To complete this task, print all the data below exactly but leave out the images.

━━━ Provided records

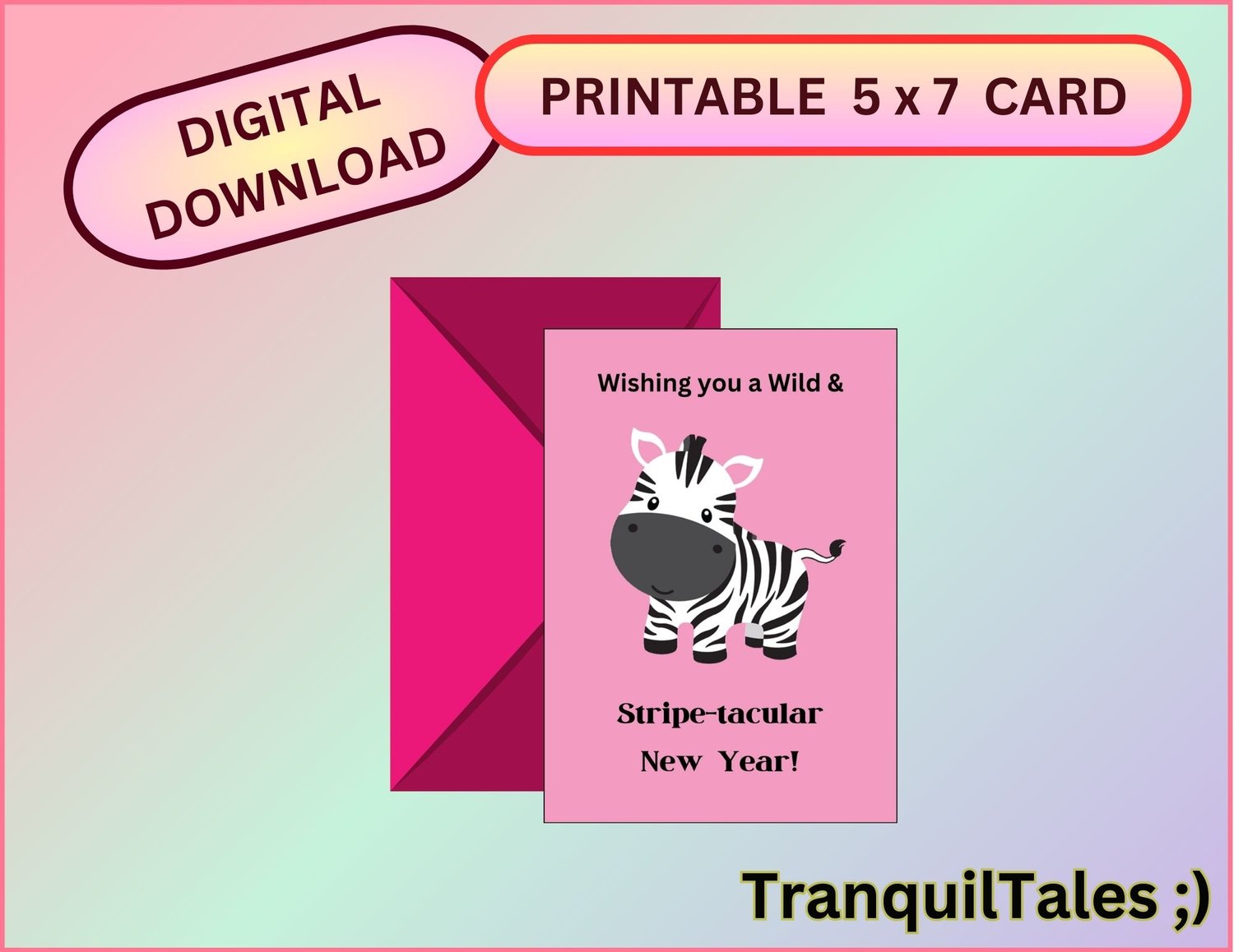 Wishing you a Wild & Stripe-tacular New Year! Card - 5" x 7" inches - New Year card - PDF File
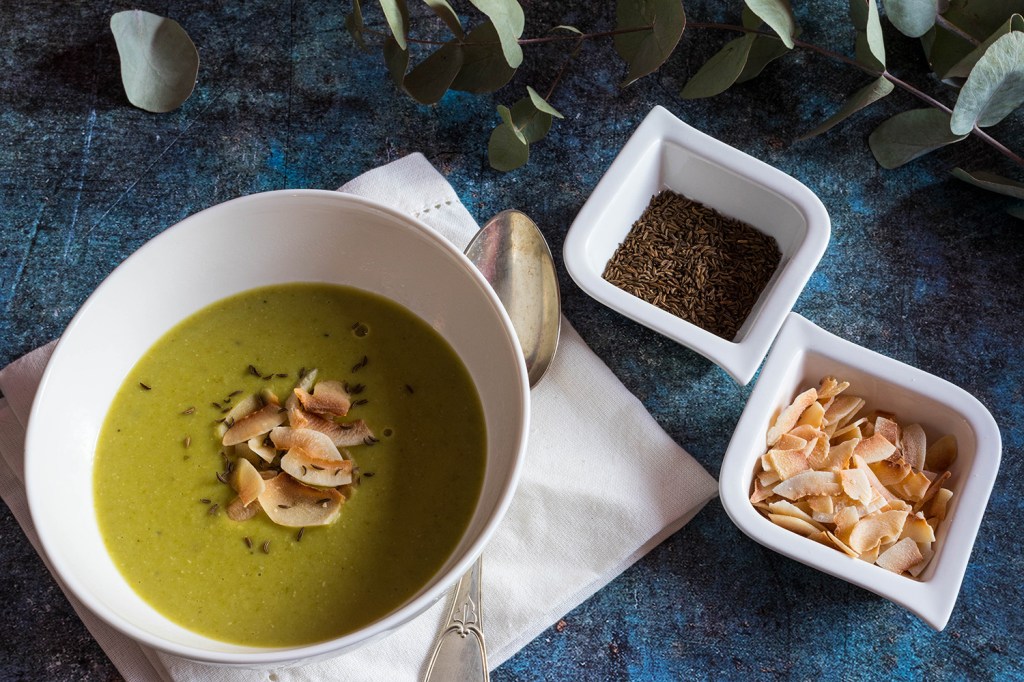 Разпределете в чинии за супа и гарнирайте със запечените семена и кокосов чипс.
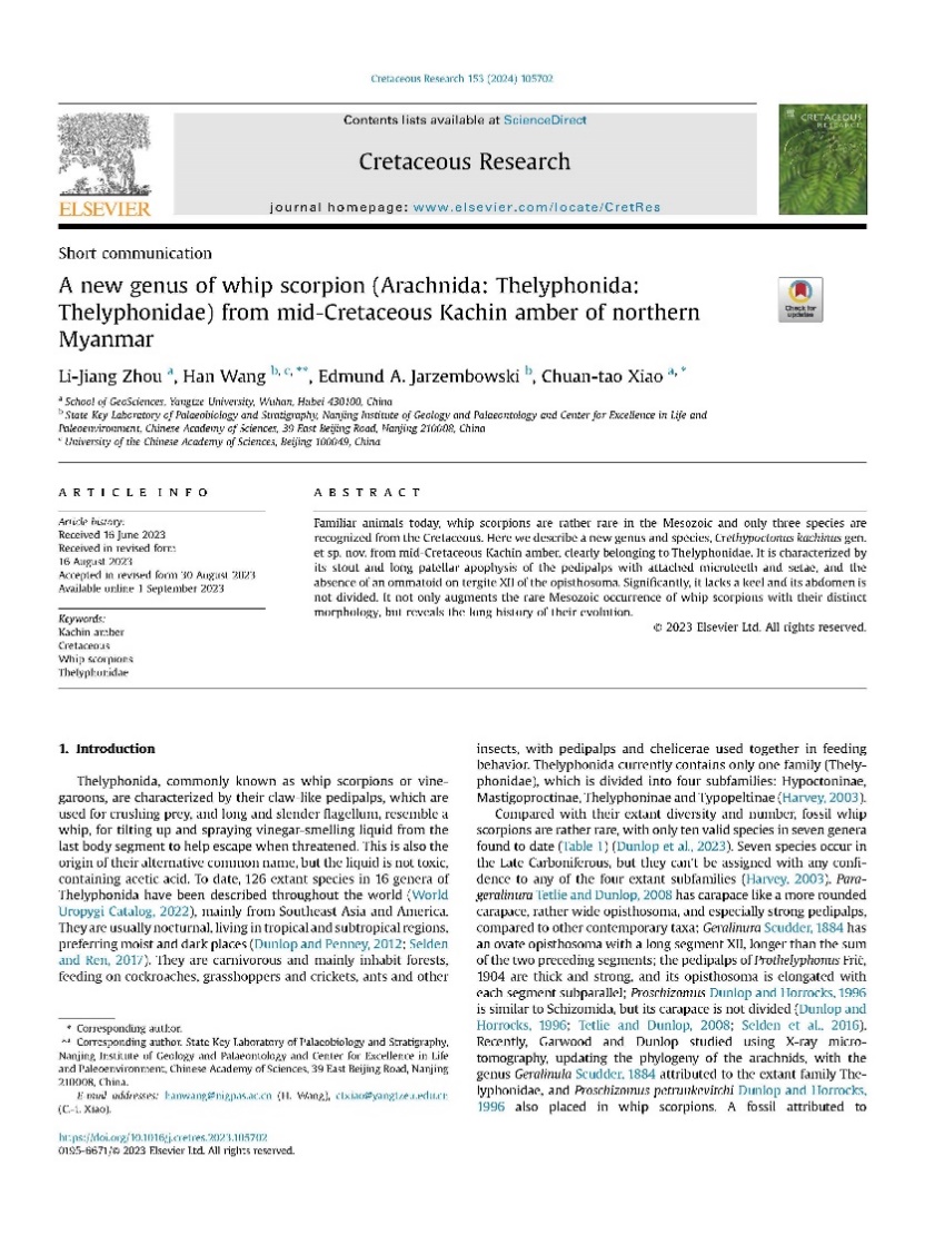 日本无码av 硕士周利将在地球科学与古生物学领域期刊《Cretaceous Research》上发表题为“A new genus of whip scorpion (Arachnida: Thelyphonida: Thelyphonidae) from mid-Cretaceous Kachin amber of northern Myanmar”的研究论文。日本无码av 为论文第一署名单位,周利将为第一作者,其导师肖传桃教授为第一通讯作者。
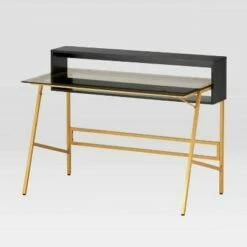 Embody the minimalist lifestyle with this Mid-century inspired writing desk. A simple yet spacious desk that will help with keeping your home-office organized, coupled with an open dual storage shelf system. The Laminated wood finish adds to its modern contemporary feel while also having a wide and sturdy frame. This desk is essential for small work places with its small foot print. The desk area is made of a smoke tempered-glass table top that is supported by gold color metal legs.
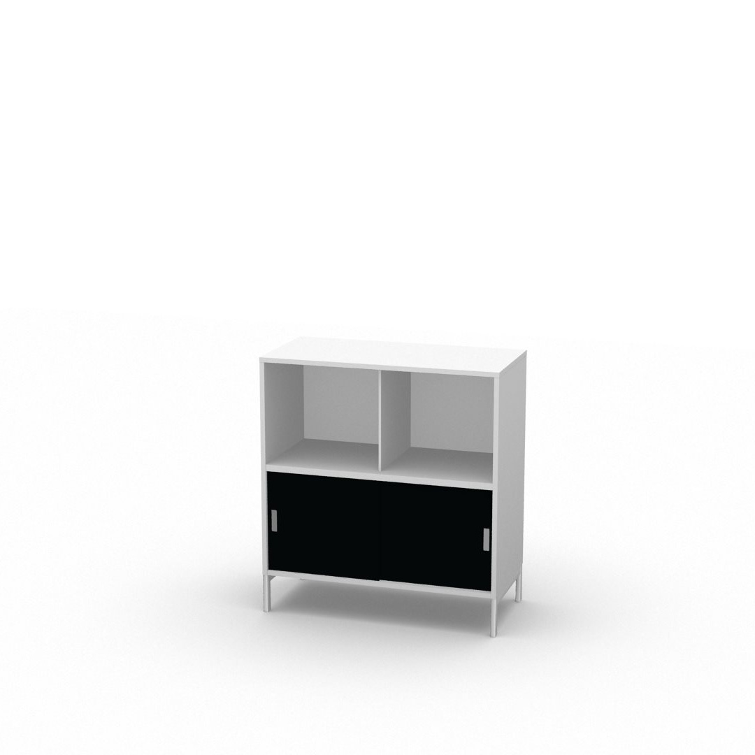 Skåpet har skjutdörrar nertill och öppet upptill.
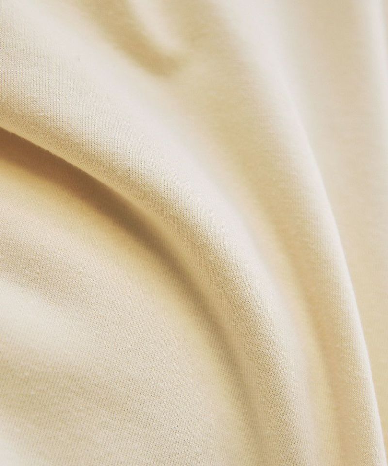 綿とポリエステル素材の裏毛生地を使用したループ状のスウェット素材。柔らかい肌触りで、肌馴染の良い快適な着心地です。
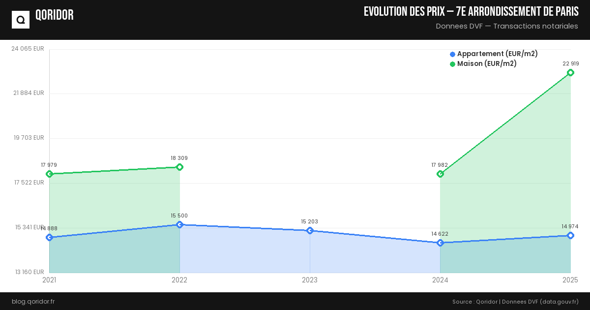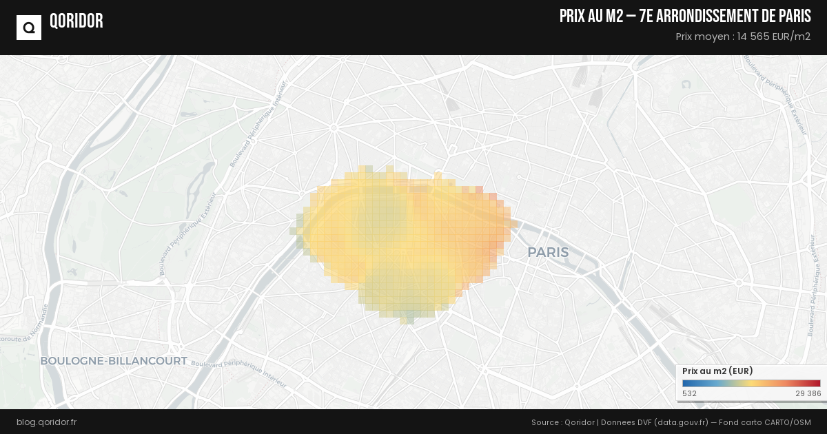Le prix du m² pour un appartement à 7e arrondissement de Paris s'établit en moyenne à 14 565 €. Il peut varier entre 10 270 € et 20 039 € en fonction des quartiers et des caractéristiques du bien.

━━━━━━

| Written reply |
 Wishing you a Wild & Stripe-tacular New Year! Card - 5" x 7" inches - New Year card - PDF File
 Разпределете в чинии за супа и гарнирайте със запечените семена и кокосов чипс.
 日本无码av 硕士周利将在地球科学与古生物学领域期刊《Cretaceous Research》上发表题为“A new genus of whip scorpion (Arachnida: Thelyphonida: Thelyphonidae) from mid-Cretaceous Kachin amber of northern Myanmar”的研究论文。日本无码av 为论文第一署名单位,周利将为第一作者,其导师肖传桃教授为第一通讯作者。
 Embody the minimalist lifestyle with this Mid-century inspired writing desk. A simple yet spacious desk that will help with keeping your home-office organized, coupled with an open dual storage shelf system. The Laminated wood finish adds to its modern contemporary feel while also having a wide and sturdy frame. This desk is essential for small work places with its small foot print. The desk area is made of a smoke tempered-glass table top that is supported by gold color metal legs.
 Skåpet har skjutdörrar nertill och öppet upptill.
 綿とポリエステル素材の裏毛生地を使用したループ状のスウェット素材。柔らかい肌触りで、肌馴染の良い快適な着心地です。
Le prix du m² pour un appartement à 7e arrondissement de Paris s'établit en moyenne à 14 565 €. Il peut varier entre 10 270 € et 20 039 € en fonction des quartiers et des caractéristiques du bien.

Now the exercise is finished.